Interview with Jenny Elfsberg
How do you see collaboration between academia and the business sector?
“The optimum collaboration between academia and the business sector is one that’s established and long term, with give and take. Academia needs industry and industry needs academia, and that isn’t just about research questions but also education, provision of competence and access to grants for bold investments. As someone who comes from industry and is also an industrial graduate student, I find it easy to see the value of these worlds ‘colliding’; the different perspectives, the different conditions and conflicts between goals that are manageable create a beneficial and important dynamic. Especially now – in this crucial decade, when the whole world needs to manage the transition to sustainability for future generations.”
Where do the biggest challenges lie?
“The classic challenge of being operational here and now while taking a long-term approach naturally affects all kinds of co-operation. There are naturally also issues inherent in projectification that present a challenge when taking a long-term approach and cause a great deal of administrative work for researchers in both academia and in industry, which partly has to do with how government funding rules are structured, but is also to do with a tradition of not really having the courage to create shared long-term plans.
“But what I still believe is that the most difficult challenge in the Swedish context is our attraction to the comfort zone and conformity. Our cultural pattern drives us towards ‘birds of a feather flock together’, but the type of collaboration and research that is really needed requires different perspectives, different capacities and different roles.
“We need to be more system-oriented in our research efforts.
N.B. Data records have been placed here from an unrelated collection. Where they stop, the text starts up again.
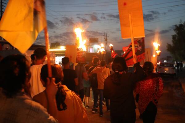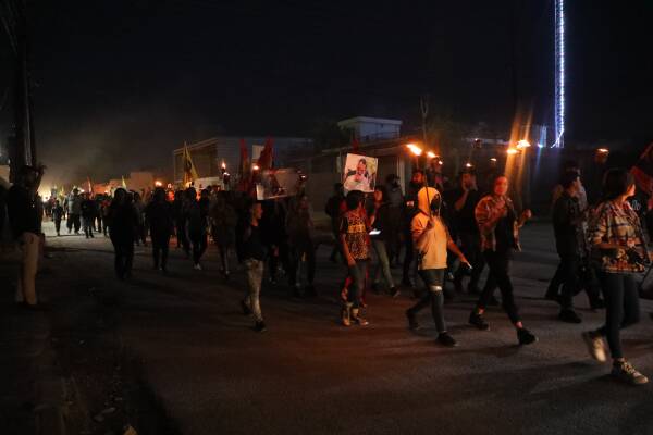The women of Shengal held a torch march to protest the ongoing Turkish attacks on Shengal and call on the Iraqi government to close its airspace to Turkey.
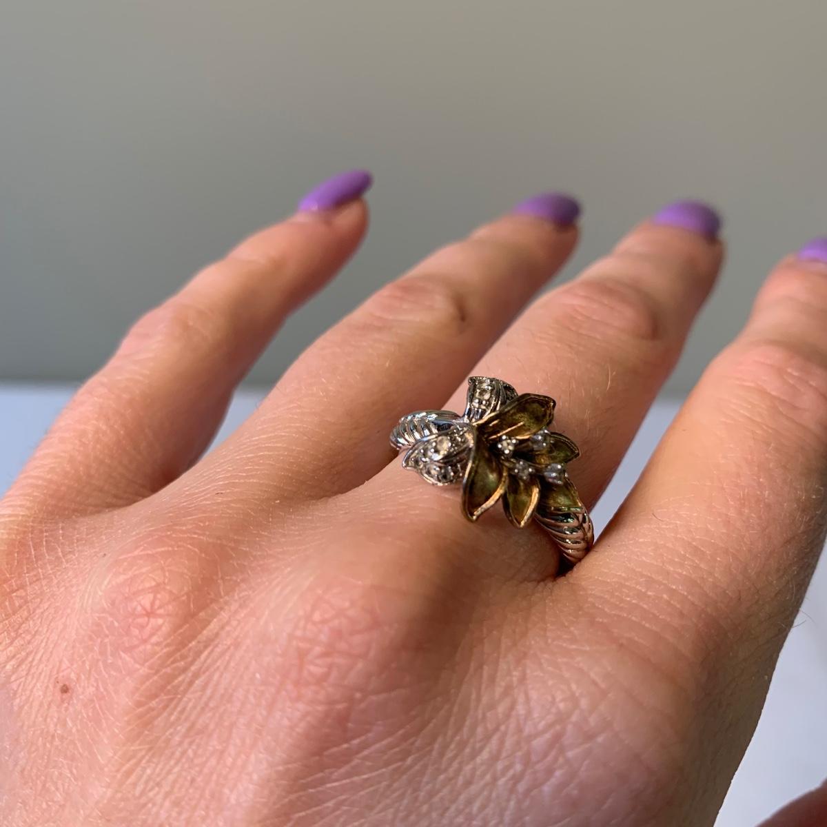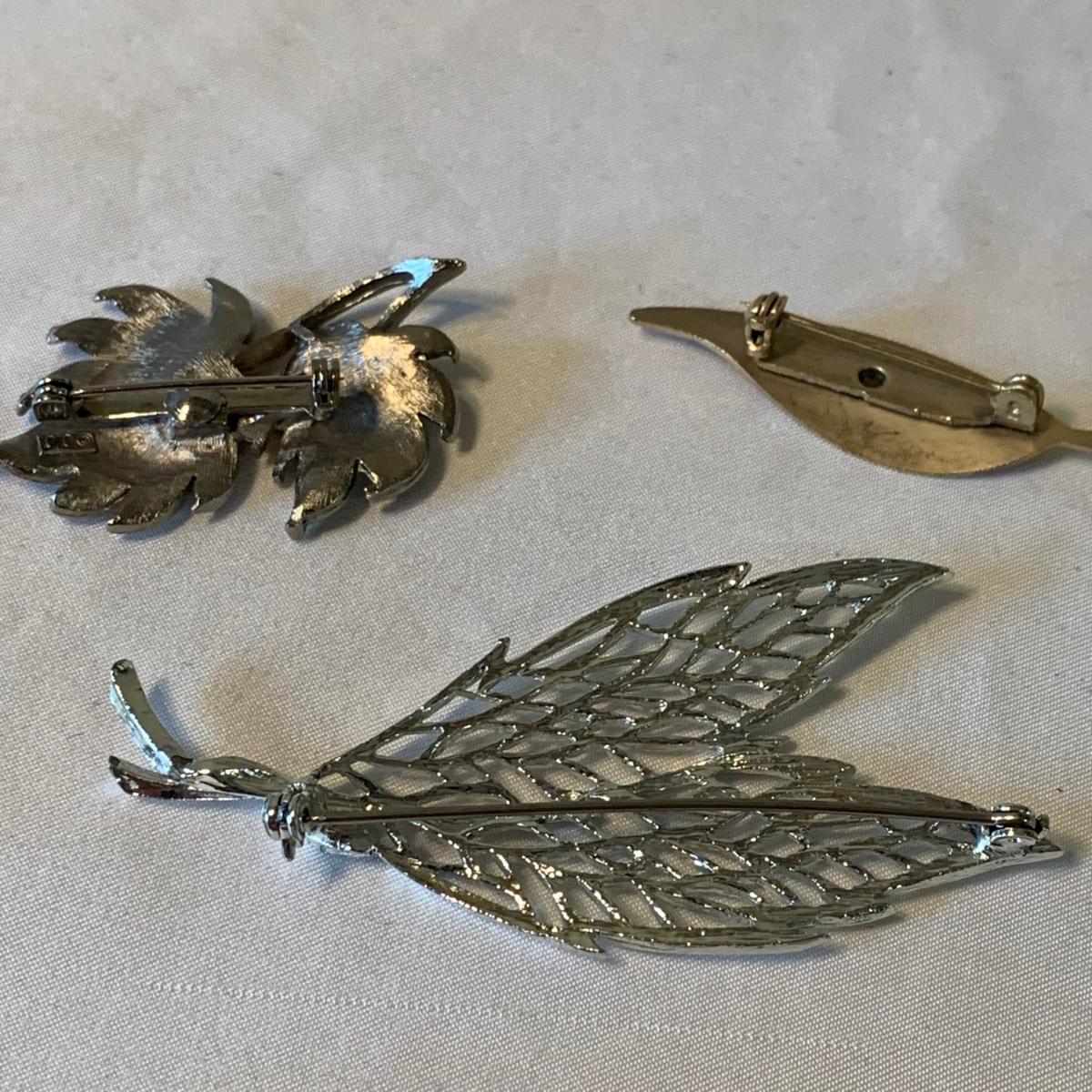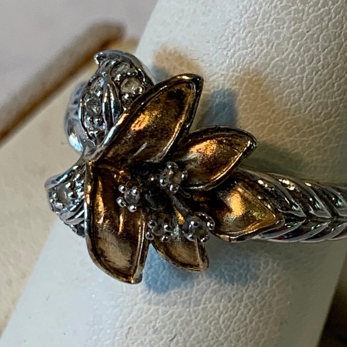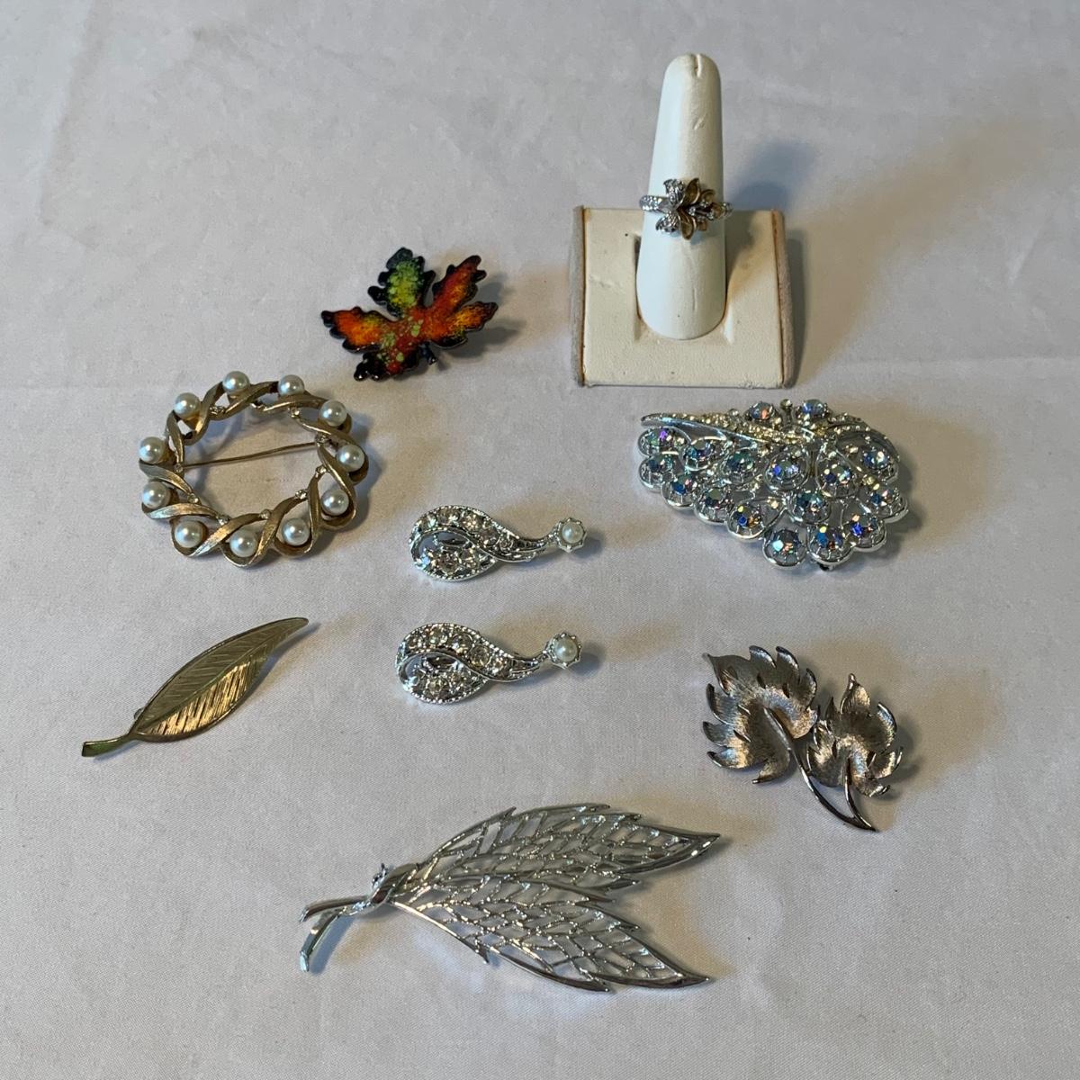 This lot features a beautiful and unique floral ring and eight fashion pins. The ring is marked 925. It appears to be size 8.
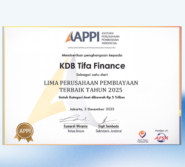 PT KDB Tifa Finance Tbk (“Perseroan”) meraih penghargaan sebagai salah satu dari Lima Perusahaan Pembiayaan Terbaik Tahun 2025 untuk kategori Aset di bawah Rp 5 Triliun dari Asosiasi Perusahaan Pembiayaan Indonesia (APPI). Penghargaan bergengsi ini diberikan pada Rabu (3/12/2025) di The Raffles Hotel, Jakarta sebagai bentuk apresiasi APPI kepada perusahaan pembiayaan yang mampu menunjukkan kinerja unggul dan tata kelola yang solid di tengah dinamika industri.
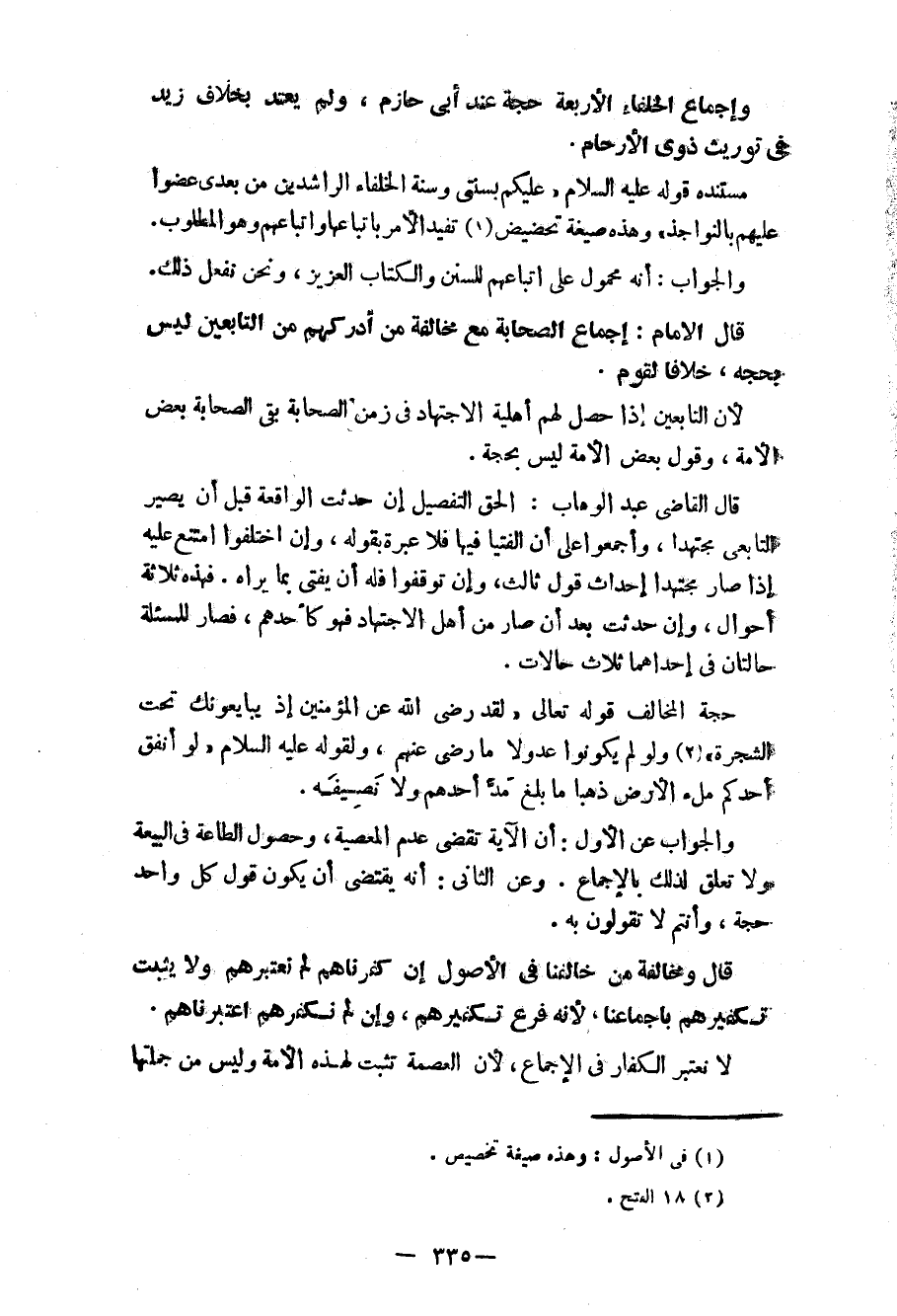 والجواب عن الأوّل: أن الآية تقضي عدم المعصية، وحصول الطاعة في البيعة ولا تعلق لذلك بالإجماع. وعن الثاني: أنه يقتضي أن يكون قولهم كلّ واحد حجة، وأنتم لا تقولون به.
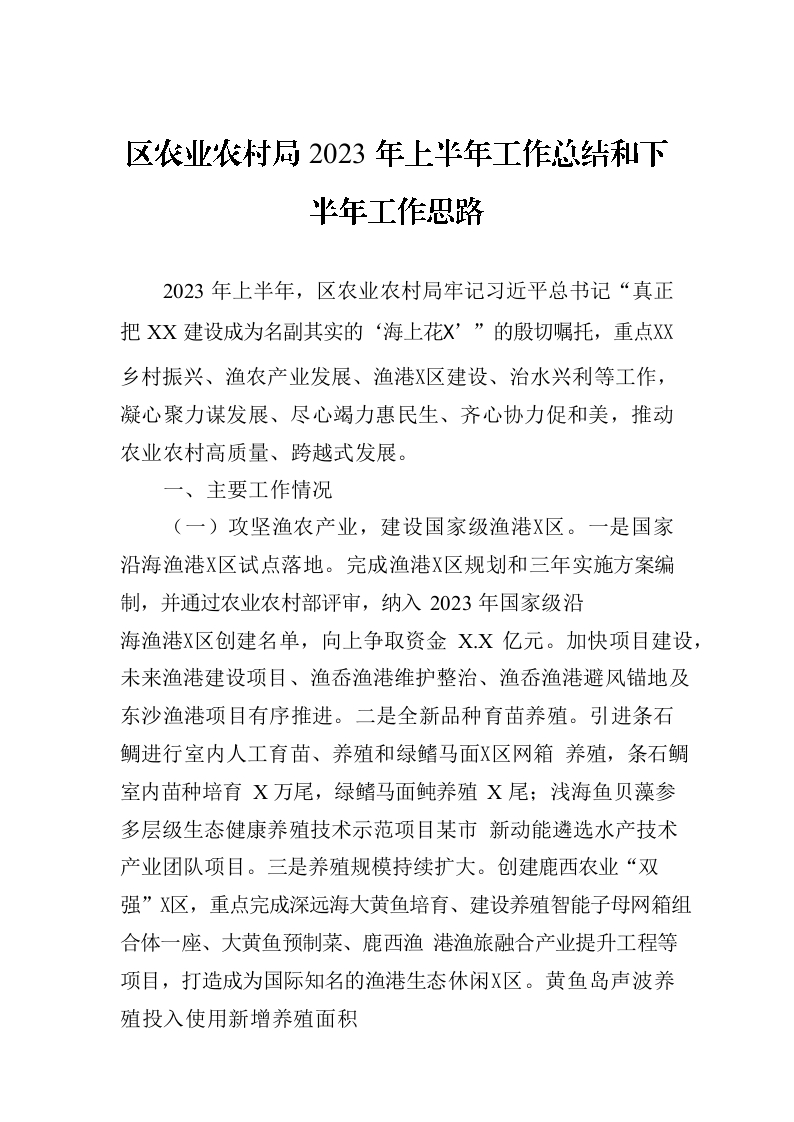 / 区农业农村局2023年上半年工作总结和下半年工作思路(20230710)
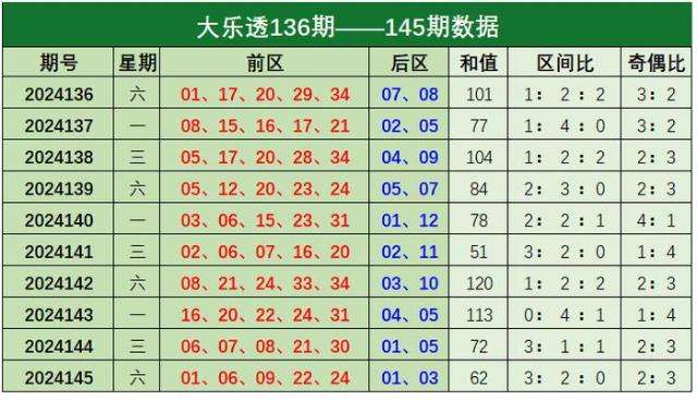 大乐透第2024145期出奖号统计:前区01、06、09、22、24,后区01、03。和值为62,区间比为3:2:0,奇偶比为2:3。
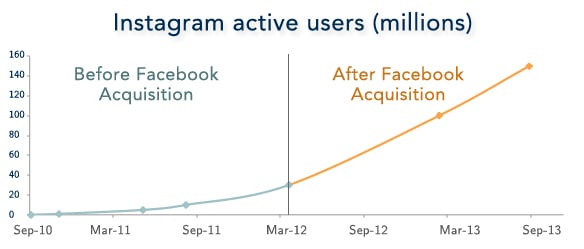 First, in terms of user metrics, Instagram looks like a great acquisition. When Facebook acquired it in April 2012, the application had only 30 million users. Eighteen months later, it has passed 150 million users, handling more than 55 million pictures per day, thanks to Facebook's efforts to integrate the app to its platform. According to tech consultant Ben Evans, this trend resembles YouTube, which quickly increased in popularity after it was acquired by Google in 2006.

Up until now, you could muddle along and take care of your own role in the system and carry on working in isolation, but now we know that isn’t enough to get us where we need to be. This is why we need to be more collaborative and ideally at an earlier stage – thinking together, identifying shared goals that address potential conflicts between goals, and which provide clear guidelines to strive for – sometimes side by side, sometimes together. When it’s together/interactively, it’s a collaboration that’s beneficial.”
What does collaboration look like when it works best?
“I’m incredibly impressed by smaller universities that had the motivation and the capacity to meet the company where we were, and not only propose research collaborations but also point to off-the-shelf solutions that are already established and don’t require research, as well as to other alternatives in academia, where cutting-edge expertise is available elsewhere.
“I’m also convinced that companies must understand that they have a responsibility in relation to universities – if they are to have access to the research, they also need to be a solution for first-cycle programmes and create opportunities for study visits, student projects and thesis placements. When you work together all the way, you establish an understanding of each other’s strengths and needs and in fact create a basis for expanding the partnership with more partners – academic and industrial. Sweden is a small country with amazing capabilities – it would be fantastic if we could see each other as potential partners and not as competitors. We can compete for talent, resources and finances while being part of the same national team.”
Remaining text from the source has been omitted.